The PGSA is a unilateral Iranian institution established on May 5, 2026, that administers transit permits and collects tolls from vessels passing through the Strait of Hormuz. It operates from a corridor inside Iran’s 12-nautical-mile territorial sea between Qeshm and Larak islands. The authority has no international legal recognition — the US Office of Foreign Assets Control (OFAC) has warned that payments to the PGSA could trigger sanctions exposure, and no Western-flagged operator has publicly acknowledged making a payment. So far, toll payments of approximately $2 million per transit have been made primarily by Chinese-linked shadow fleet vessels using yuan-denominated transactions.
Can any country legally challenge the PGSA toll system at an international court?
The options are narrow. The International Court of Justice requires state consent to jurisdiction, and Iran has not accepted the ICJ’s compulsory jurisdiction. ITLOS, the International Tribunal for the Law of the Sea, derives its authority from UNCLOS — which Iran has not ratified, making ITLOS proceedings unavailable. A UN Security Council referral is blocked by Russia and China, both of which have shadow-fleet financial interests in the PGSA regime. The practical result is that there is no binding international forum with unambiguous jurisdiction over Iran’s toll system, leaving affected states with unilateral or coalition pressure as their only enforcement tools.
Could Saudi Arabia build additional pipeline capacity to bypass Hormuz?
The East-West Petroline, Saudi Arabia’s primary Red Sea export alternative, reached its operational ceiling of approximately 7 mbpd on March 11, 2026. New pipeline construction of comparable scale would require 3-5 years of planning and construction under peacetime conditions, enormous capital expenditure at a time when Saudi Arabia is running its largest quarterly deficit since 2018, and routing through terrain that presents its own security challenges. The UAE’s ADNOC has the Fujairah pipeline (1.5 mbpd) bypassing Hormuz, but Saudi Arabia has no equivalent secondary route, and the OPEC+ quota gap of 3.41 mbpd means even a second pipeline of Petroline scale would not fully restore export capacity to pre-blockade levels.
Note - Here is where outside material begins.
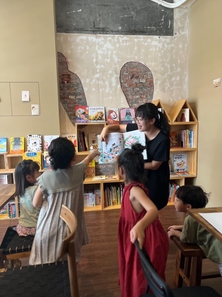 SusuBooks是位於彰化社頭今年春天新成立的繪本書店。隱身在二樓的空間,復古質感的木製書架上頭,除了大量店主精選的繪本,還有錯落文學藝術類型書籍,瀰漫沉靜的慢慢閱讀氛圍。曾於政大書城工作過的書店職人背景,店主Susu一手規劃、物色傢俱、從無到有,牆面斑駁磚塊與木質陳設無違和的合拍,各處角落充滿店主童心的小巧思,靜待讀者去發現探索。

Why did Iran accept no Hormuz provisions in the 2015 JCPOA?
Iran’s position in 2015 was that Hormuz governance was a separate sovereign matter — not a nuclear question — and that linking the two would legitimise outside interference in Iranian maritime authority. The Obama administration accepted this separation to keep the negotiating scope manageable. In 2026, Iran has inverted the logic: it is now Iran, not the West, demanding that the two issues be explicitly linked — but on terms that make Hormuz governance the guarantee of the nuclear deal rather than a concession within it. The strategic position has flipped entirely.
What is the OPEC+ JMMC meeting on June 7 and why does it matter?
The Joint Ministerial Monitoring Committee meets on June 7, 2026, to review production quotas. Saudi Arabia’s current quota stands at 10.291 mbpd against actual production of 6.879 mbpd — a gap of 3.41 million barrels per day that the kingdom physically cannot close without Hormuz access. The meeting will force a formal reckoning with the blockade’s production impact and may require Saudi Arabia to acknowledge publicly that its output gap is structural rather than voluntary — a politically damaging admission for a kingdom that has historically used production discipline as a tool of OPEC leadership, not a constraint imposed by a rival’s geographic chokepoint.